The molality of a solution is calculated by taking the moles of solute and dividing by the kilograms of solvent.

    moles of solute
Molality  =  –––––––––––––––––
    kilograms of solvent

This is probably easiest to explain with examples.

Example #1: Suppose we had 1.00 mole of sucrose (it's about 342.3 grams) and proceeded to mix it into exactly 1.00 liter water. It would dissolve and make sugar water. We keep adding water, dissolving and stirring until all the solid was gone. We then made sure everything was well-mixed.

What would be the molality of this solution? Notice that my one liter of water weighs 1000 grams (density of water = 1.00 g / mL and 1000 mL of water in a liter). 1000 g is 1.00 kg, so:

    1.00 mol
Molality  =  ––––––––
    1.00 kg

The answer is 1.00 mol/kg.

Notice that both the units of mol and kg remain. Neither cancels.
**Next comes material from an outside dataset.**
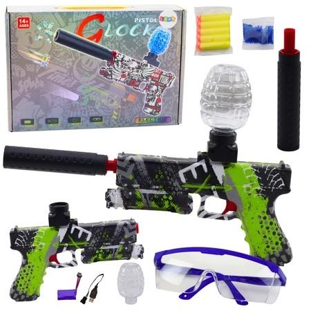 PISTOLET NA KULKI ŻELOWE WODNE OKULARY Pistolet na kulki żelowe i strzałki piankowe to idealna propozycja dla miłośników dynamicznej zabawy i rywalizacji. Model wzorowany na kultowym Glocku zapewnia realistyczne doznania i precyzyjne strzały dzięki pełnej automatyce - wystarczy nacisnąć spust, aby broń oddawała strzały w szybkim tempie. Pistolet zasilany jest akumulatorem, co gwarantuje długotrwałą i nieprzerwaną rozgrywkę. Dzięki lekkiej, a zarazem solidnej konstrukcji z tworzywa ABS, pistolet jest odporny na uszkodzenia i wygodny w użytkowaniu. Unikalny design graffiti nadaje mu wyjątkowego charakteru, a dodatkowe akcesoria, takie jak tłumik, magazynek oraz okulary ochronne, podnoszą komfort i bezpieczeństwo zabawy. Zasięg strzału wynoszący od 20 do 30 metrów pozwala na dalekie i precyzyjne uderzenia w cel. To doskonały wybór dla każdego, kto szuka dynamicznej, wciągającej zabawy z wykorzystaniem zarówno kulek żelowych, jak i strzałek piankowych z przyssawkami. SPECYFIKACJA: Rodzaj pistoletu: automatyczny Rodzaj amunicji: kulki żelowe 7-8 mm / strzałki piankowe Zasięg: 20-30 m Materiał: trwałe tworzywo ABS Kolor: unikalne graffiti Zasilanie: akumulator z kablem do ładowania Wymiary pistoletu: 38 x 20 cm Wymiary opakowania: 28,5 x 19,5 x 7,5cm ZAWARTOŚĆ ZESTAWU: Pistolet - imitacja Glocka Magazynek - atrapa celownika Tłumik Akumulator z kablem do ładowania 500 sztuk kulek żelowych do samodzielnego przygotowania 5 strzałek piankowych z przyssawką Okulary ochronne Oryginalne opakowanie

A symbol for mol/kg is often used. It is a lower-case m and is often in italics, m. Some textbooks also put in a dash, like this: 1.00-m. However, if you write 1.00 m for the answer, without the italics, then that usually is correct because the context calls for a molality. Having said that, however, be aware that often m is used for mass, so be careful. (A lower-case m is also used for meter, but the context should be clear that m means molality.) Maybe including the dash would be wise if there might be a potential misunderstanding

When you say it out loud, say this: "one point oh oh molal." You don't have to say the dash.

And never forget this: replace the m with mol/kg when you do calculations. The m is a symbol that stands for mol/kg. It is not the actual unit.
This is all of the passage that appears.